Tag Archive for: Frankfurt School

Dialectics: The Prime Weapon Destroying Western Civilization

“Dialectics” is a term used to describe a method of philosophical argument that involves some sort of contradictory process between opposing sides.


For weeks now I have been ruminating on a paper or post about the state of the dialectic attack on Western civilization via every single imaginable metric. That is to say, think of a value or a compartment or a taboo that is part of the Western culture and thought process and it is under attack. From national feelings to sexual habits to your traditional form of diet in the West.

A lot of people get it at one level, but at the meta, its quite a well constructed ceaseless attack, created and launched via communist and postmodern think tanks, some of which date back over a hundred years.

The evidence is overflowing. So permeated is our culture now that you can basically play a version of dialectic Pin the Tail on the Donkey and win every time. You could blindfold yourself and spin around and walk forward with your arm out and whatever you stop against is probably an example.

Each day that goes by, my list of examples grows, and of course, the project becomes more intimidating. So I have decided to do a kind of proto-post on the subject. Perhaps each time I add a data point, I’ll do it in a separate post and link back to this one. It may be messy, but at least the ideas will be out there.

Let’s begin with this video on Diversity training:

What the makers of this otherwise excellent video fail to understand, can be seen in the last couple of sentences:

“Whatever the explanation, it is bad business in the long run”.

See, it’s meant to be. That is what many who are proper critics of the revolution that is now taking place, do not recognize or express. It is meant to ruin not just business, but all aspects of cooperation in our culture between all people by grouping them in various ways and setting them at each other. In fact they may not even recognize it as rhetorical/dialectic weapons in an actual war on Western thought, and the very concept of the individual itself. (My personal theory as to the nature of the vaccine mandates, was specifically to in part or in whole, dissolve the concept of the individual in our own heads and form an almighty collective we put before ourselves, guided by a God like state.) This is why people must be lumped into groups as the attackers define those groups, and set us all against each other. To not do so, is somehow racist, when in fact racism is a key part of the strategy by the leftist revolutionaries.

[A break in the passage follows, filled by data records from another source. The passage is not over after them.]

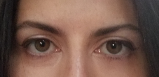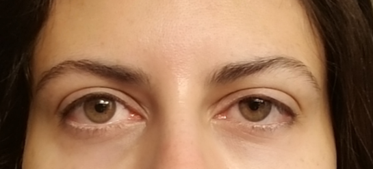 Phần trong của lông mày sụp xuống, phần ngoài nhô lên sau tiêm botox xóa nếp nhăn trán và nếp cau mày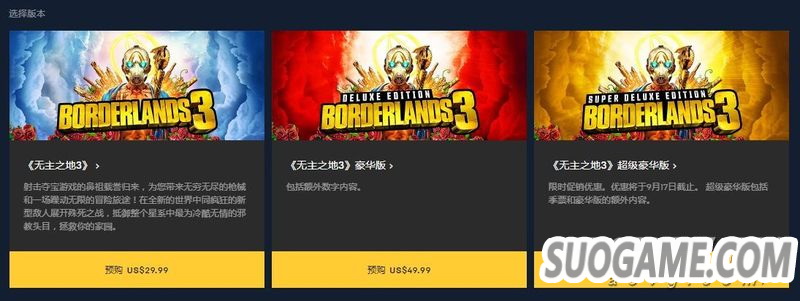 · 《无主之地3》国区预购——标准版29.99美元、豪华版49.99美元、超级豪华版69.99美元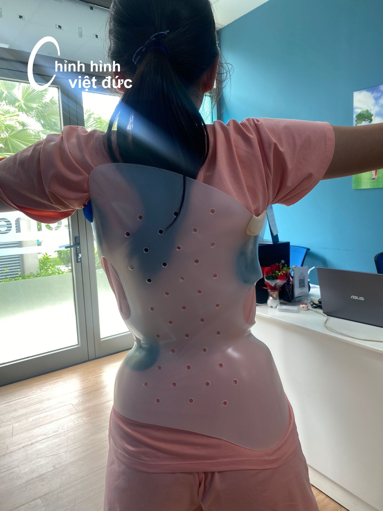 Quy trình này đảm bảo rằng áo sẽ vừa vặn và mang lại hiệu quả tốt nhất. Mỗi chiếc áo đều được thiết kế riêng biệt, dựa trên số đo và tình trạng cụ thể của từng trẻ. Dưới đây là một chiếc áo chỉnh hình vừa được Việt Đức hoàn thiện 👇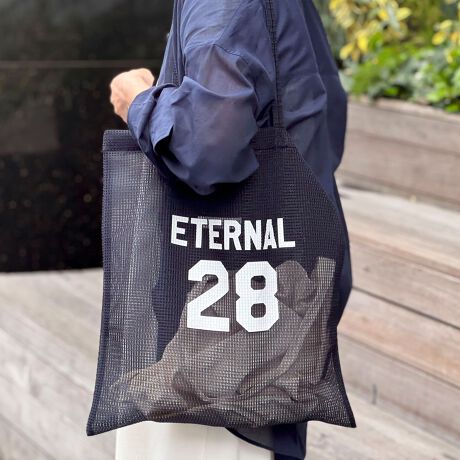 ・RiemillerダンボールメッシュプリントTシャツ(5-0037-2-03-004)と同柄、同素材のメッシュバッグ。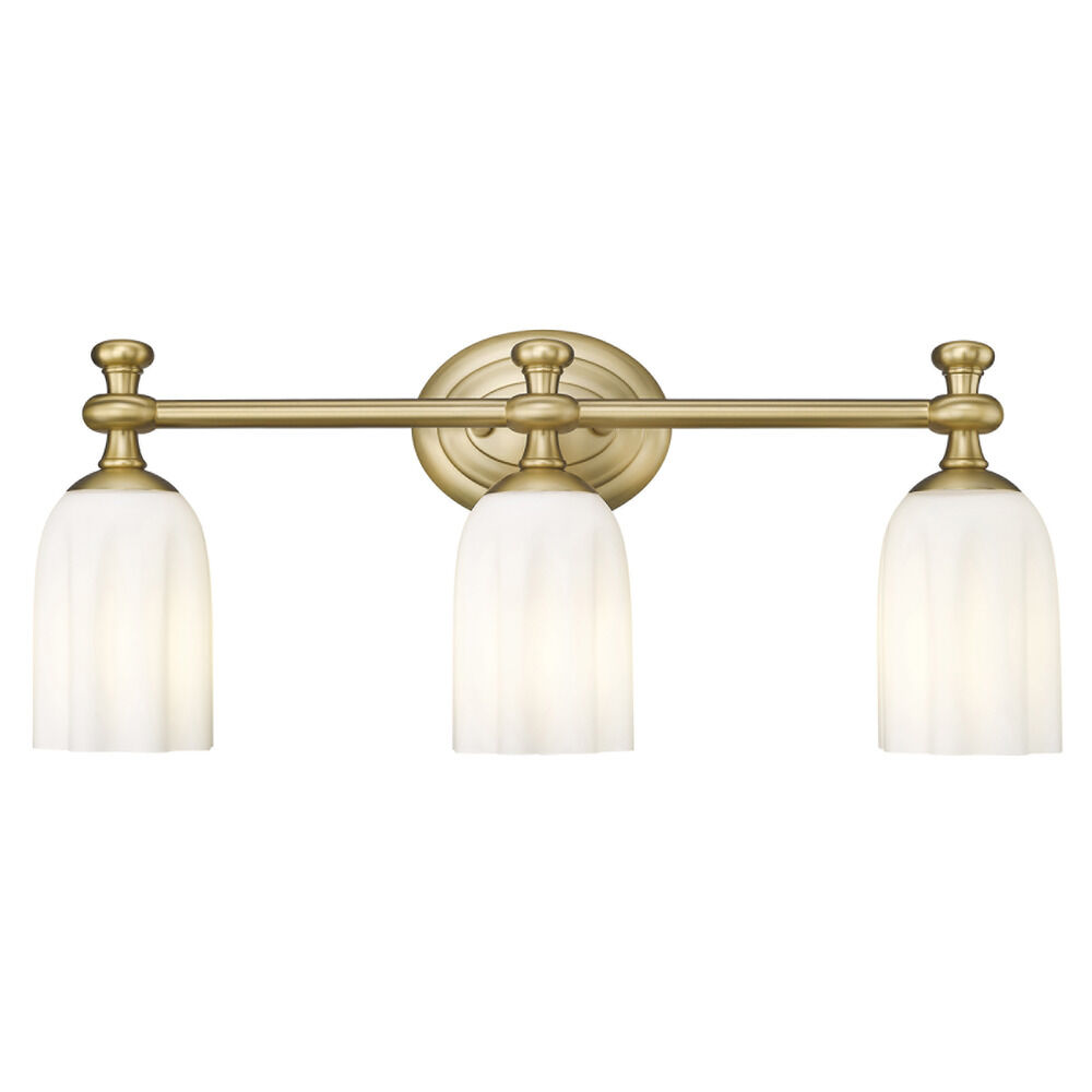Transitional modern gold 3-light bathroom light with etched,scalloped opal etched glass shade
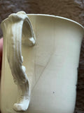 Condition: 2 3/8” and 2” long tight triangular cracks, right of handle, plus 1/4” lateral crack. Stress cracks to handle, near terminate. Chip to foot, two nicks.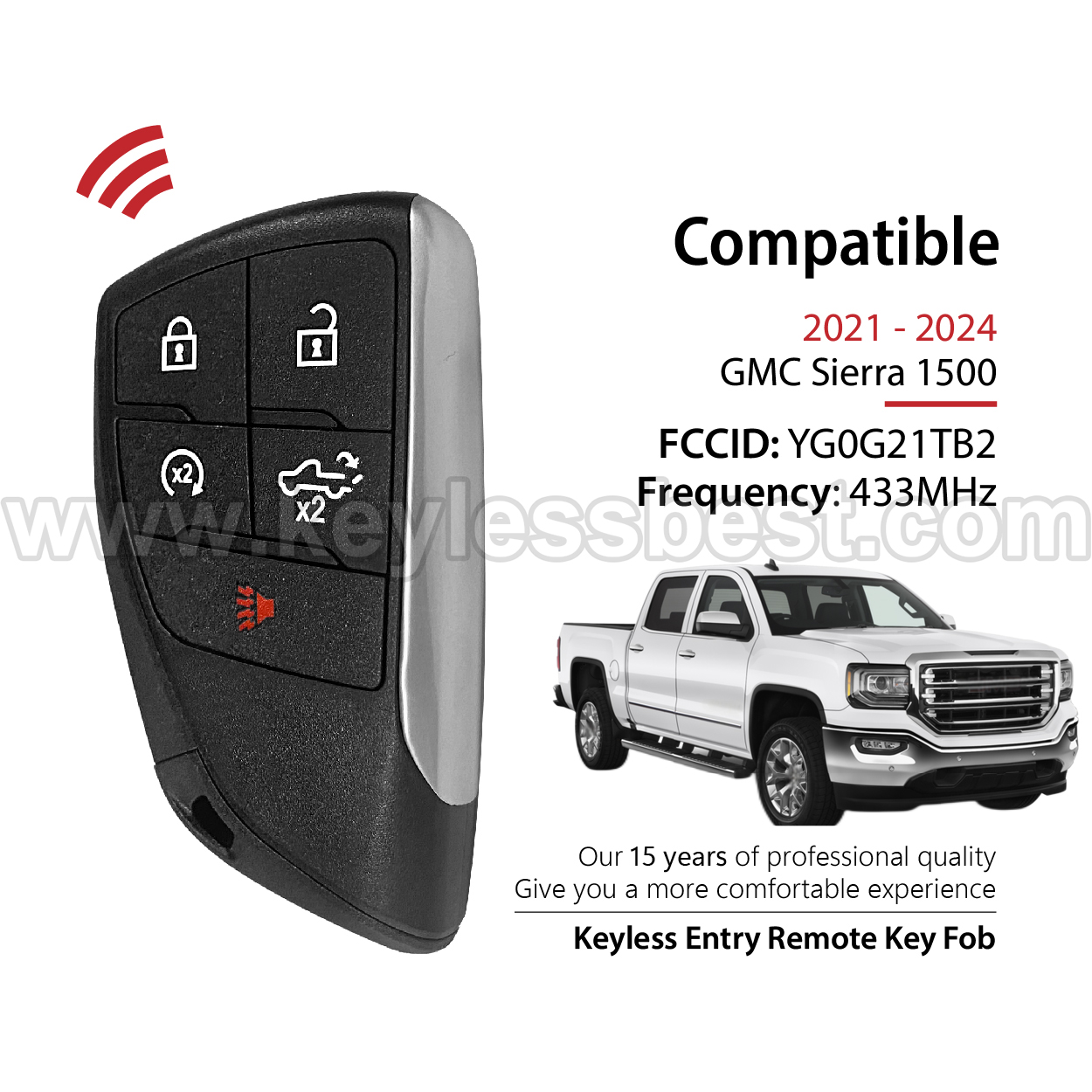 - The 2021-2024 GMC smart keyless entry fob replacement – without a logo, with an uncut emergency insert key included.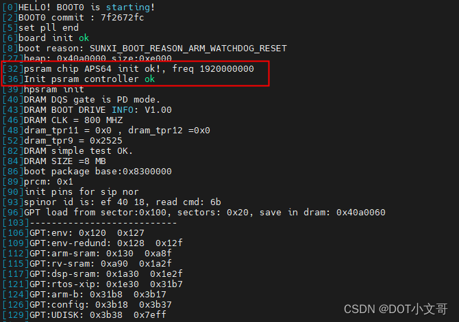 根据boot0的系统log,可以查看到当前lspsram加载的频率,如下图所示:

Another example is sexual preferences, which have been turned into sexual identity now. So much so, that cross walks are sometimes painted with rainbow colours, and crossing lights for pedestrians are sometimes modified to show homosexual people or couples. This is, as we now know, because the most important thing about crossing a busy street is celebrating men having sex with other men.

Much like this flagpole in front of a posh prestigious private school in Ottawa Canada: Photo of flagpole.

Because after the National flag and the crest of the school, the most important thing about educating children from grade 5 to 12, is celebrating sexual identity and practice of anyone engaging in non-conventional sex acts and identifying as being part of groups with similar prefrences at the expence, it would seem, of more meaningful identities. This is so important, they actually have to flag the school with it.

How long till that flag finds its way to the top? And then what is known as dialectic negation could occur. The replacement of the National flag, which is anathema to communism, with group identities which maintain acrimony and division. Until of course its all the party flag which by then will be a hammer and sickle.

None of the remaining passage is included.